通常,OLAP 多维数据集中的度量是数字,这些数字通过加法(或通过一些不太奇特的函数,如 times、MAX 或 MIN)进行聚合。我想知道是否有任何主要的 OLAP 服务器允许您进行数字或字符串的测量。 (这里的“集合”是数学意义上的,而不是 OLAP 行话中的“元组列表”。)虽然 OLAP 通常通过数值函数聚合度量,但我假设的“集合度量”将通过集合操作聚合,例如集合并集或设置交集。

我对理论和实践都很感兴趣。理论上/抽象/数学上,整数加法和集合并集之间有一个很好的相似之处,并且似乎有人在编写 OLAP 服务器时可以考虑这种相似之处。 (如果提前知道所有可能的集合成员,一种潜在的实现是将每个集合表示为一个(可能很大的)整数,然后通过执行按位或来聚合/联合。)

至于实践,我将尝试提供一个具体的案例,其中这看起来至少有点用:假设您有一个数据集,其中每个事实都是与学术论文相关的元数据。
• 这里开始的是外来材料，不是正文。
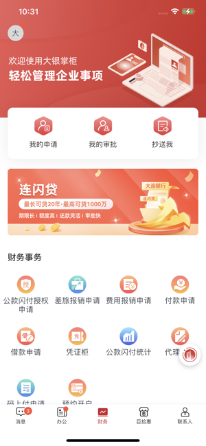 作为大连银行全力打造的产品,大银掌柜app不仅有企业手机银行的金融功能,还提供非金融增值服务,涵盖账户查询、转账汇款、协同办公、费用报销等多方面。这些功能模块让企业在办公和财务管理上更加便捷高效。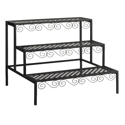 מעמד עציצים מסוגנן מברזל 3 מדפים בצבע שחור - פתרון אלגנטי לעיצוב הגינה והבית!
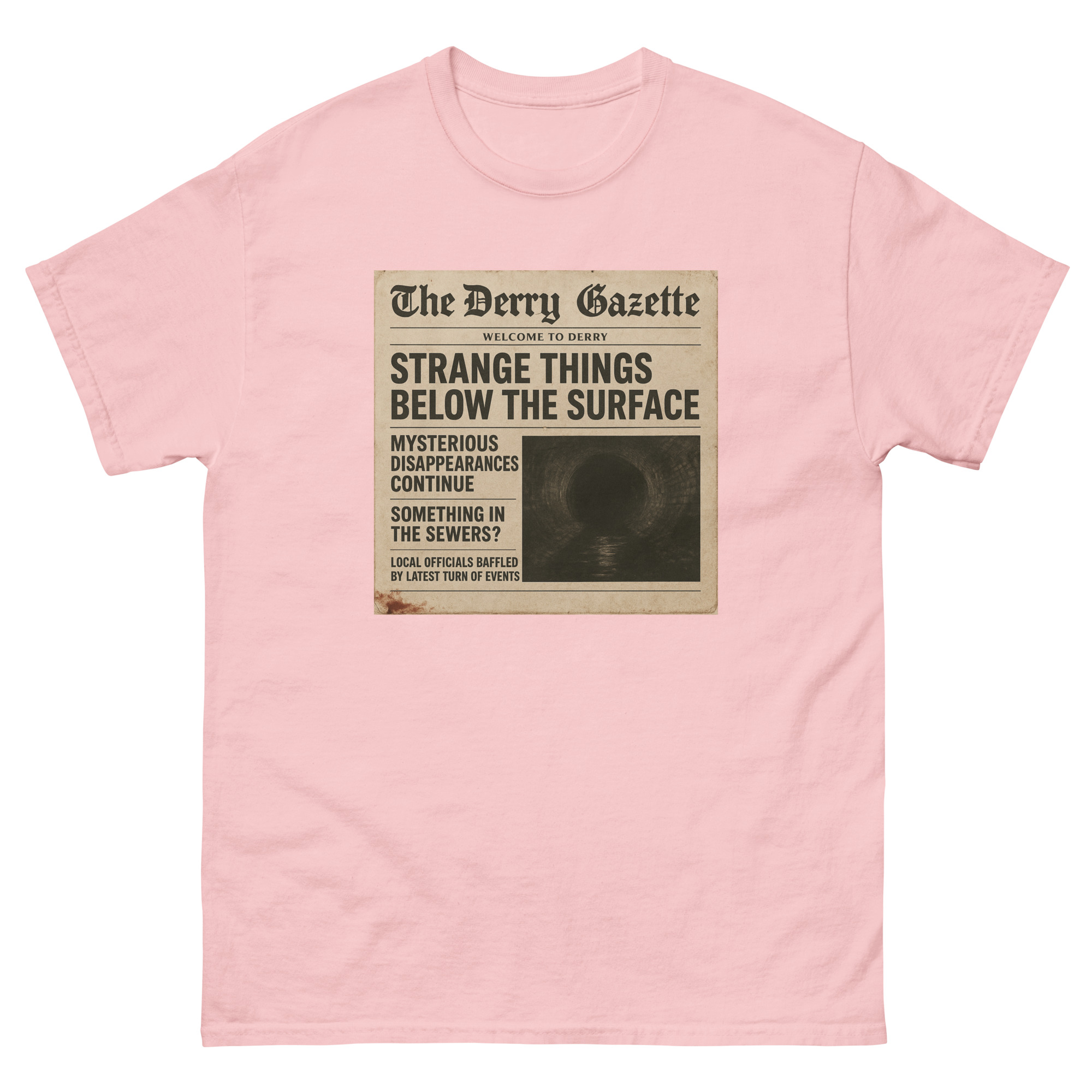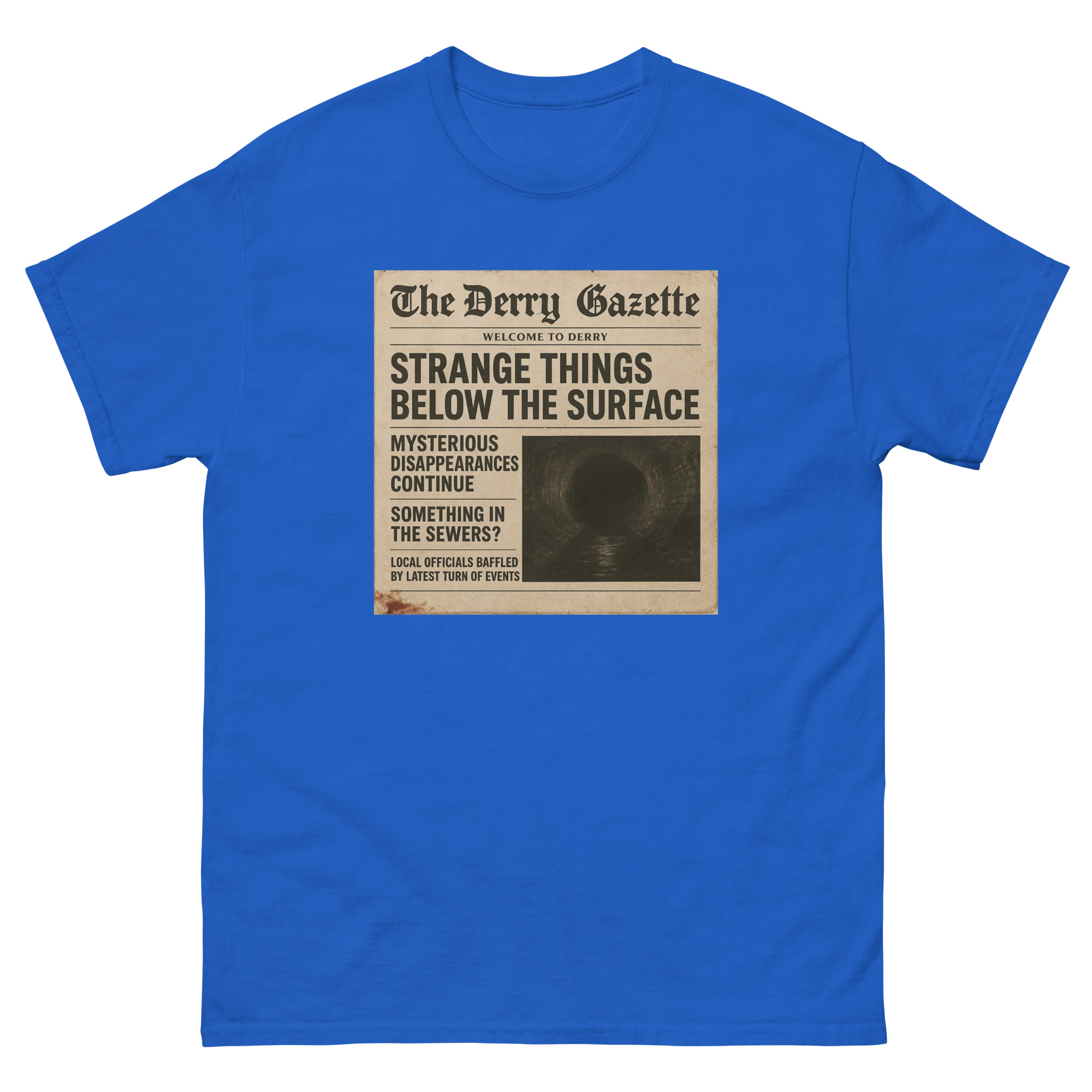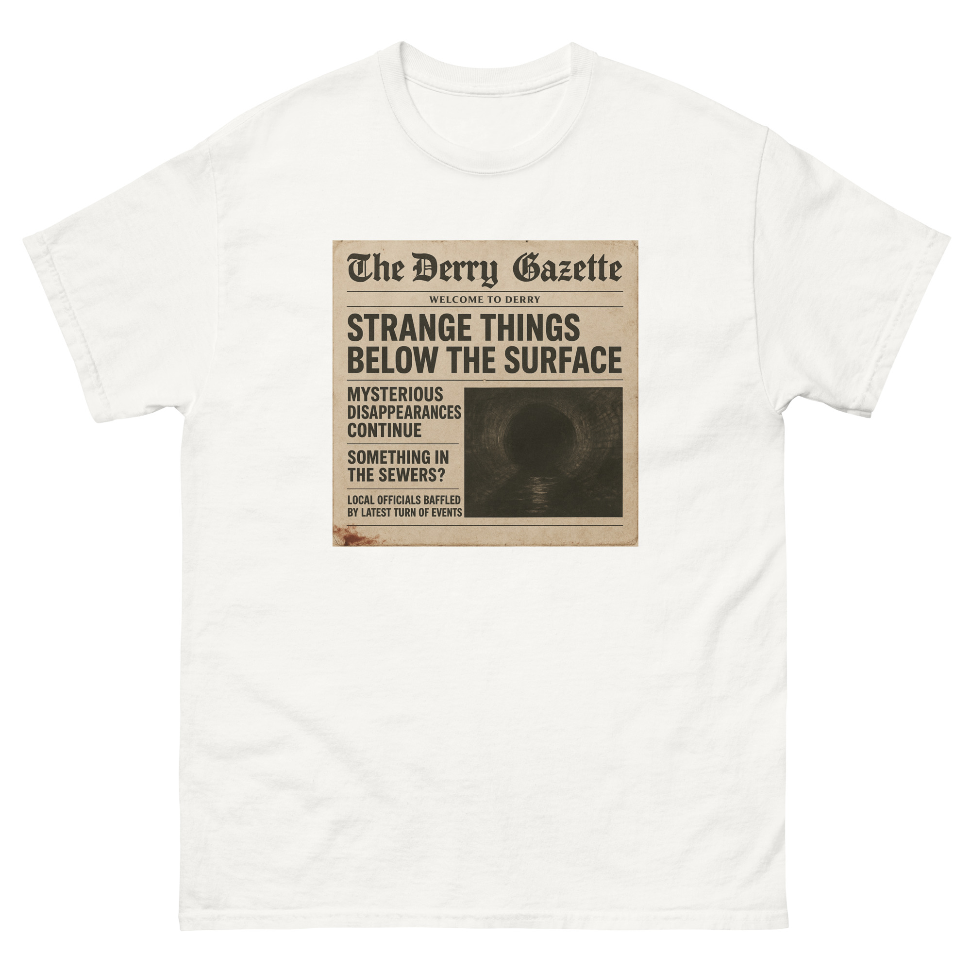 “The Derry Gazette” (Strange Things Below the Surface) – A vintage newspaper headline detailing mysterious disappearances and unsettling sightings from the quietest, scariest town in Maine. The 100% cotton unisex classic tee will help you land a more structured look. It sits nicely, maintains sharp lines around the edges, and goes perfectly with layered streetwear…

每篇论文可能有一个日期、一个主题以及一组一个或多个作者,如下所示:

  • fact1: {"Year": 1997, "Topic" : "AI", "AuthorSet": ["Bill Jones", "玛莎 X"]}
  • 事实 2: {"年份": 1997, "主题" : "语言学", "AuthorSet": ["约翰 Q", "山姆 S"]}
  • 事实 3: {"Year": 1997, "Topic" : "Linguistics", "AuthorSet": ["John Q", "Jack X"]}

(我在这里使用准 JSON 只是因为它有助于让人们明白什么是多值。)

如果您围绕此数据创建了一个 OLAP 多维数据集,那么能够制作一份报告来显示针对给定主题撰写的作者集每年如何变化,这似乎是很自然的事情。在 MDX 中,它可能如下所示:

select
[Measures].[AuthorSet] on columns,
[Year].[Year].All on rows
where ([Topic].[Topic].[AI])

对于每一年,此查询将通过集合并集汇总作者列表。

为了充分利用此功能,您可能需要专门了解设置度量的自定义 OLAP 客户端工具。但对于现有的客户端,您可能只能退回到集合的某种字符串表示形式。 (例如,上面的查询可能返回包含字符串“Bill Jones; Martha X; John Q; Sam S; Jack X”的单元格)

我最熟悉SSAS,而SSAS似乎不支持这样的东西开箱即用。似乎有一种方法可以使用字符串类型的度量将其组合在一起,也许还可以加上自定义 CLR 函数,但我还没有弄清楚。

这种特殊情况您也许也只能在 MDX 中解决,也许使用自定义成员、Generate 和 SetToStr? (欢迎解决方案!)但我的直觉是,随着事情变得越来越复杂,使用“集合成员”功能在幕后更自然地进行集合聚合会更自然。

Typically measures in an OLAP cube are a numbers, and these numbers get aggregated via addition (or via some not-very-exotic function like times or MAX or MIN). I'm wondering if any of the major OLAP servers let you make measures that are sets of numbers, or sets of strings. ("Set" here is in the mathematical sense, not the OLAP jargon sense of "a list of tuples".) Whereas OLAP typically aggregates measures via numeric functions, my hypothetical "set measures" would be aggregated via set operations, e.g. set union or set intersection.

I'm interested both theoretically and practically. Theoretically/abstractly/mathematically, there's a nice parallel between addition-over-integers and union-over-sets, and it seems like someone could have considered this parallel in writing an OLAP server. (One potential implementation, if all the possible set members were known in advance, is to represent each set as a (potentially large) integer, and then to aggregate/union by performing bitwise OR.)

As for practice, I'll attempt to provide a concrete case where this might seem at least marginally useful: Suppose you had a dataset where each fact was the metadata associated with an academic paper. Each paper might have a date, a topic, and a set of one or more authors, like so:

  • fact1: {"Year": 1997, "Topic" : "AI", "AuthorSet": ["Bill Jones", "Martha X"]}
  • fact2: {"Year": 1997, "Topic" : "Linguistics", "AuthorSet": ["John Q", "Sam S"]}
  • fact3: {"Year": 1997, "Topic" : "Linguistics", "AuthorSet": ["John Q", "Jack X"]}
  • etc.

(I'm using quasi-JSON here only because it helps make it obvious what's multi-valued.)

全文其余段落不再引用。